(last edited on April 29, 2014 at 1:30 am)
Buddy Sean asked me about choosing fonts for software development. “What is a good legible font for software? Where do you find out more information about this? Is there a developer kit you can buy or download?”
When it comes to software font use, you should look for fonts that are designed for the screen. They are heavily “hinted” to display well at various common sizes like 9pt through 14pt. An ordinary font purchased for print work will not look consistently good at small size in a GUI application. You want either a bitmapped screen font (somewhat rare these days), or a “new media” font designed for screen use in TrueType or OpenType format. Bitstream has an example of the difference.
Now you have two options:
Option 1. Use What’s Already Installed
If you’re designing for Windows software development, you can rely on the built-in high-quality screen fonts such as Arial, Tahoma, Georgia, Trebuchet MS, Verdana, Courier New, and Times New Roman. Not all of them are installed depending on your version of Windows, so you may have to track down the original vendors. You can double-click the font list in the Windows Fonts Control Panel…Arial, for example, is licensed from AgfaMonotype.

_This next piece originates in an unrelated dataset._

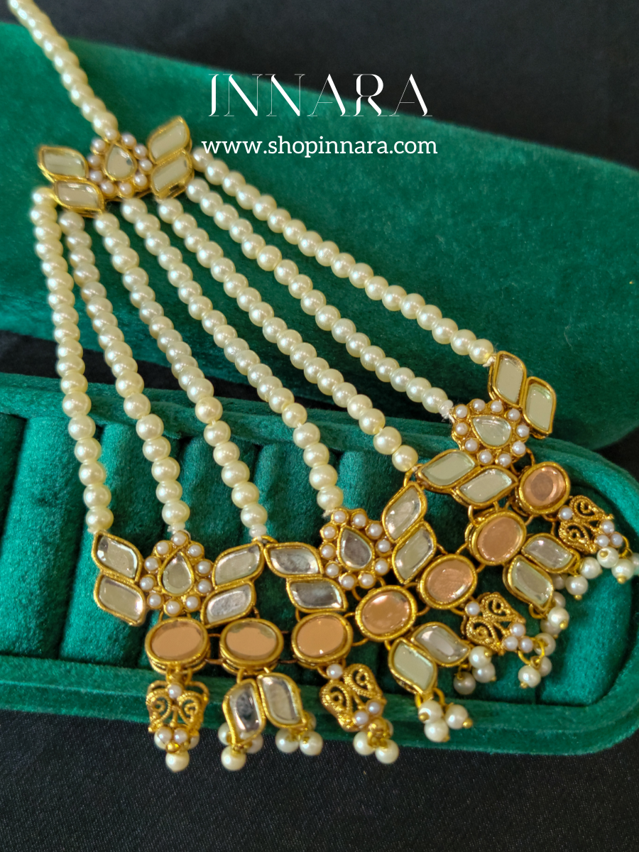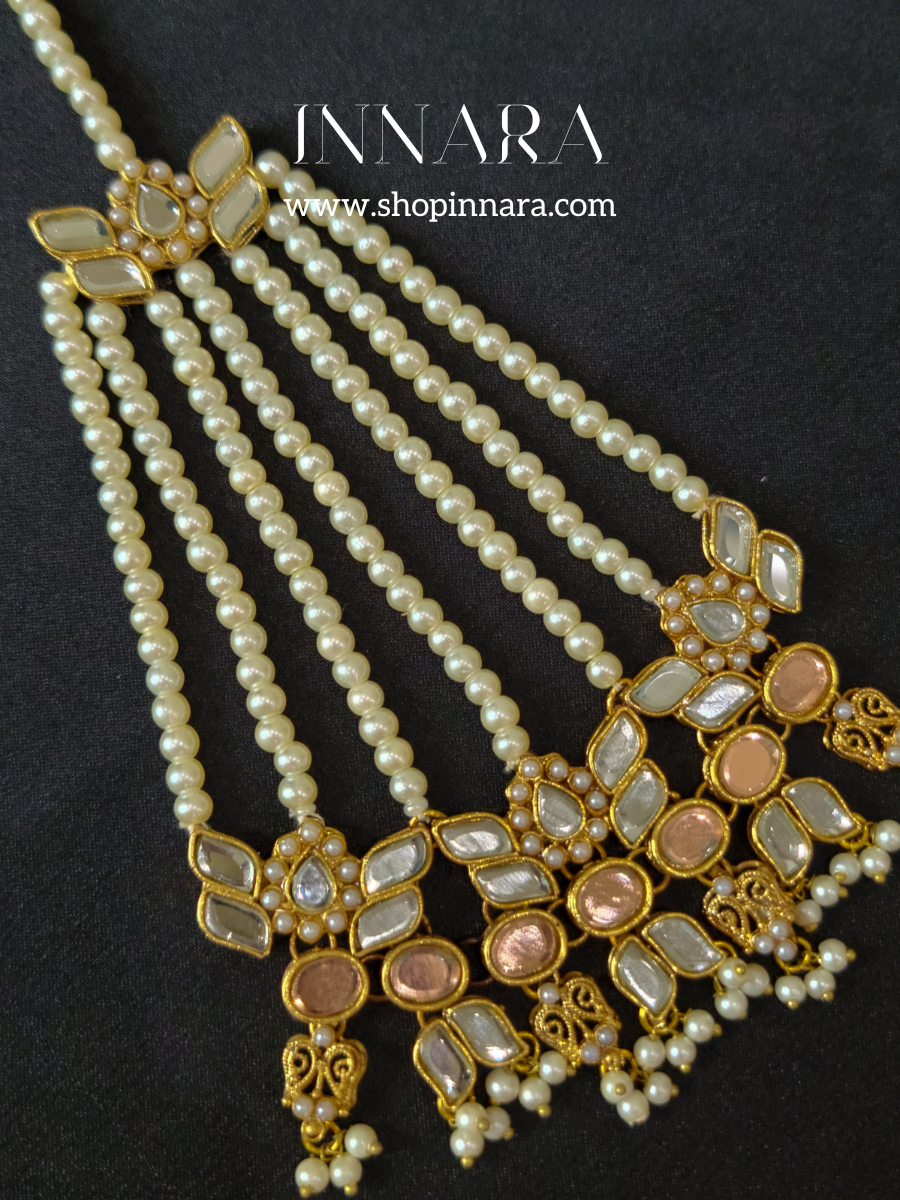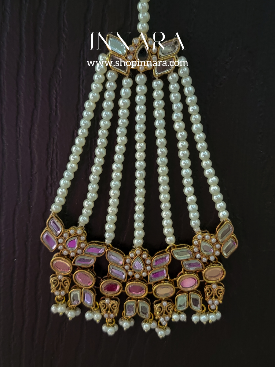 This stunning hair ornament showcases a captivating array of multi-hued stones in delightful shades of pink, purple, and clear, meticulously set to create a radiant display. Dainty pearl strands gracefully cascade, adding a touch of timeless sophistication and movement. Perfect for weddings, festive celebrations, or adding a unique, colorful statement to your traditional attire.
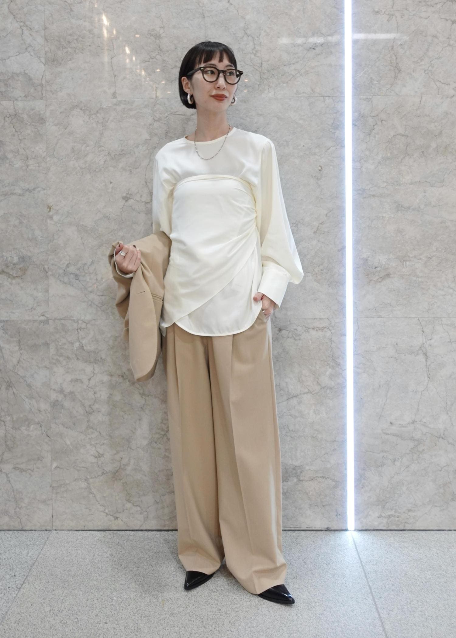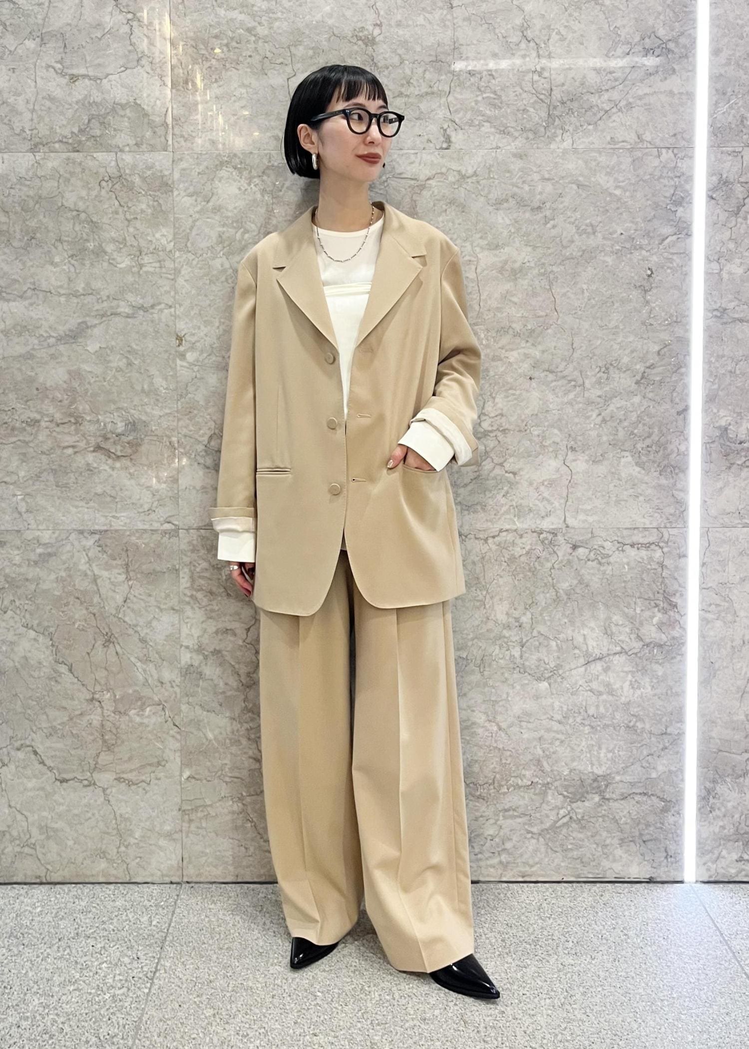 シャツとジャケットで同系色で合わせて秋っぽいスタイリングにしました。

The Microsoft Typography site has a listing of what fonts are included with what Microsoft products.
If you’re designing for both Macintosh and Windows, many of the fonts above are already installed because Microsoft Internet Explorer for Mac has been installed by default in Mac OS 9 through Mac OS 10.3. For advanced users who have chosen not to install Internet Explorer, those fonts may not be available. It’s also possible that Internet Explorer will go away from future versions of the Mac OS.
Option 2. License Fonts and Include with your Installer
You also have the option of licensing fonts for your applications, and including them as part of the install. I’ve not gone this route personally, but there are developer resources at AgfaMonotype. …check out the ISV (Independent Software Developer) fonts. Another competitor is Bitstream, which offers similar solutions for developers.
Miscellania
If you’re designing for internationalization, you need to look a little deeper into which fonts offer unicode support. This is the kind of thing that a developer needs to go after… in general, you’ll lose typographic control because your options are limited in the other languages. Internationalization is a whole ‘nother ball of wax.

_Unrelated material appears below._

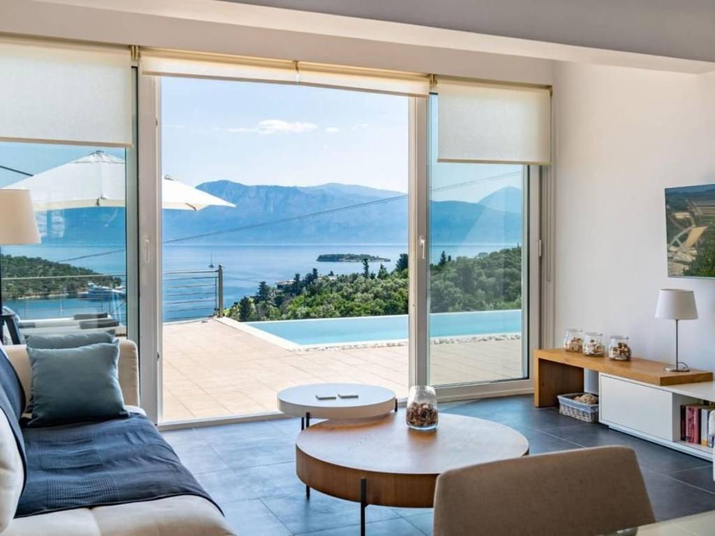 ΒΑΘΥ ΜΕΓΑΝΗΣΙ στην καρδιά του Ιονίου, στο αυθεντικό και διαρκώς ανερχόμενο Μεγανήσι και συγκεκριμένα στο Βαθύ Μεγανησίου πωλούνται 2 πολυτελείς ανεξάρτητες βίλες 270τ.μ. ( 135τ.μ. η καθεμία )με μοναδική πανοραμική θέα σε δύο κόλπους. Το ακίνητο εκτείνεται σε οικόπεδο 2.300 τ.μ. και προσφέρει απόλυτη ιδιωτικότητα, είναι κατασκευής το 2008, ενεργειακή κλάση Β+ και εξαιρετικά υλικά κατασκευής και υψηλής αισθητικής. Δύο ανεξάρτητες βίλες με ξεχωριστές εισόδους, έχουν ιδιωτικές πισίνες, πανοραμική θέα στους κόλπους του Ιονίου και προσφέρουν απόλυτη ησυχία και ιδιωτικότητα. Η καθεμία βίλα είναι 135τ.μ. και αποτελούνται από 3 υπνοδωμάτια, φωτεινό σαλόνι και πλήρως εξοπλισμένη κουζίνα, 3 πλήρη μπάνια, ένα wc, ιδιωτική πισίνα και μεγάλες βεράντες με ανεμπόδιστη θέα θάλασσα. Εξαιρετική τοποθεσία καθώς βρίσκονται πολύ κοντά στα cafe-εστιατόρια και τις παραλίες του Μεγανησίου. Προτείνονται ως εξοχικές μόνιμες κατοικίες, αλλά και ως επενδυτικά ακίνητα στο κοσμοπολίτικο νησί του Μεγανησίου. ΤΙΜΗ ΠΩΛΗΣΗΣ: 2.300.000 ΕΥΡΩ ΚΩΔΙΚΟΣ ΑΚΙΝΗΤΟΥ: ΣΠ-24 VATHY MEGANISI in the heart of the Ionian Sea, in the authentic and constantly rising Meganisi and specifically in Vathy Meganisi, 2 luxurious independent villas of 270 sq m (135 sq m each) are for sale with a unique panoramic view of two bays. The property extends over a plot of 2,300 sq m and offers absolute privacy, was built in 2008, has energy class B+ and uses excellent construction materials and high aesthetics. Two independent villas with separate entrances, have private swimming pools, panoramic views of the Ionian Sea and offer absolute peace and privacy. Each villa is 135 sq m and consists of 3 bedrooms, a bright living room and fully equipped kitchen, 3 full bathrooms, a wc, private pool and large verandas with unobstructed sea views. Excellent location as they are very close to the cafe-restaurants and beaches of Meganisi. They are proposed as permanent country residences, but also as investment properties on the cosmopolitan island of Meganisi. SALE PRICE: 2,300,000 EUROS PROPERTY CODE: SP-24

I’m curious whether fonts optimized for Flash, are also suitable for general application development. A lot of these are designed to be precise at 5 to 12 pixels in height, which is really small on a modern screen. They might be OK for labeling, applications that “look cool” like games, or devices that run at 800×600 or smaller. Legibility would be difficult at higher resolutions.

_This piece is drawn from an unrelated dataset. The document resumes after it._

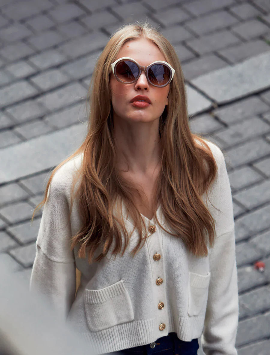 With rounded shapes and inspired by the 60s, Melville is a model that evokes those women who, through fashion, music, or art, laid the foundations of the style of one of the most eclectic and significant decades of the 20th century. The subtle play of colors does not go unnoticed: fronts in varied tones, in contrast with the temples, and the famous butterflies in neutral tones that accentuate the oval shape of the glasses. A model full of details that exude femininity and has arrived ready to bring sweetness to any outfit.
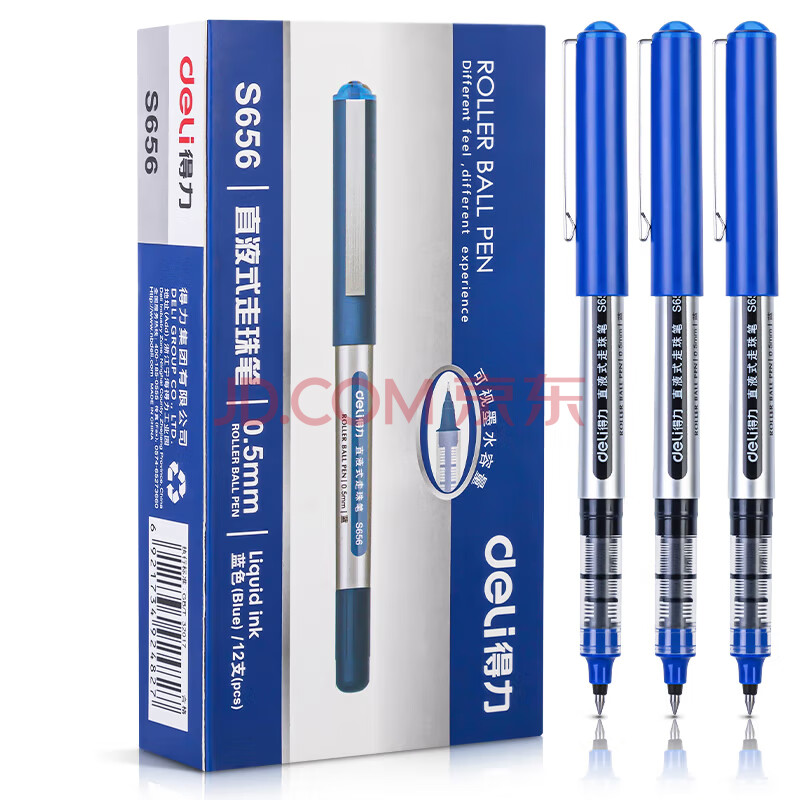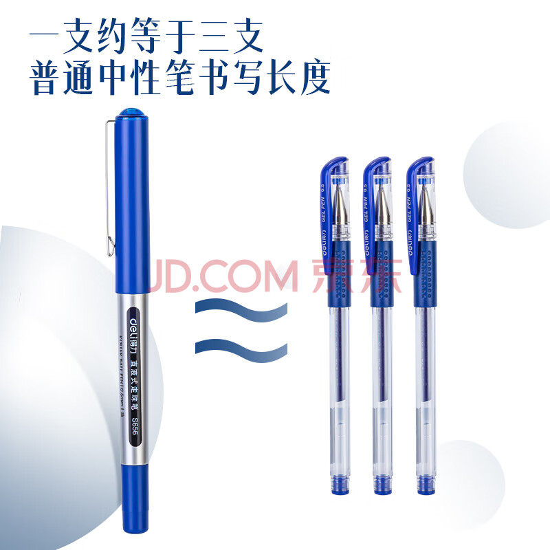商品相册:得力(deli)(deli)直液笔中性笔 0.5mm子弹头签字笔学生考试笔走珠笔水笔 蓝色 办公用品12支/盒S656第

There are also old font formats that are completely converted for screen use at a specific size…Mac users may remember “screen fonts”. It’s been a long time since I’ve seen any, but I know applications like Photoshop and specialized software like terminal emulators use them.
If you want to get extra fancy, there’s a technology called Saffron you can license from Mitsubishi, that promises excellent legibility without a lot of hinting and kerning BS. The next version of Flash Player (version 8) apparently uses this. This is a more specialized application though, than your typical windows app. Would be interesting for games or bitmapped screen devices.
1 Comment
David,
I have searched in vain to a screen font problem I am having and thought I could turn to you since your blog posting about that subject.
Default screen font for Wikipedia and Google Map labels is Binner. It is such a hard font to read. I wasn’t always this way, but I don’t know what happened and I don’t know what font is missing to otherwise change it back. I’m guessing that the original (default) screen font was Arial but I have that in my library. I can send you some screen shots if it would help to identify what’s going on.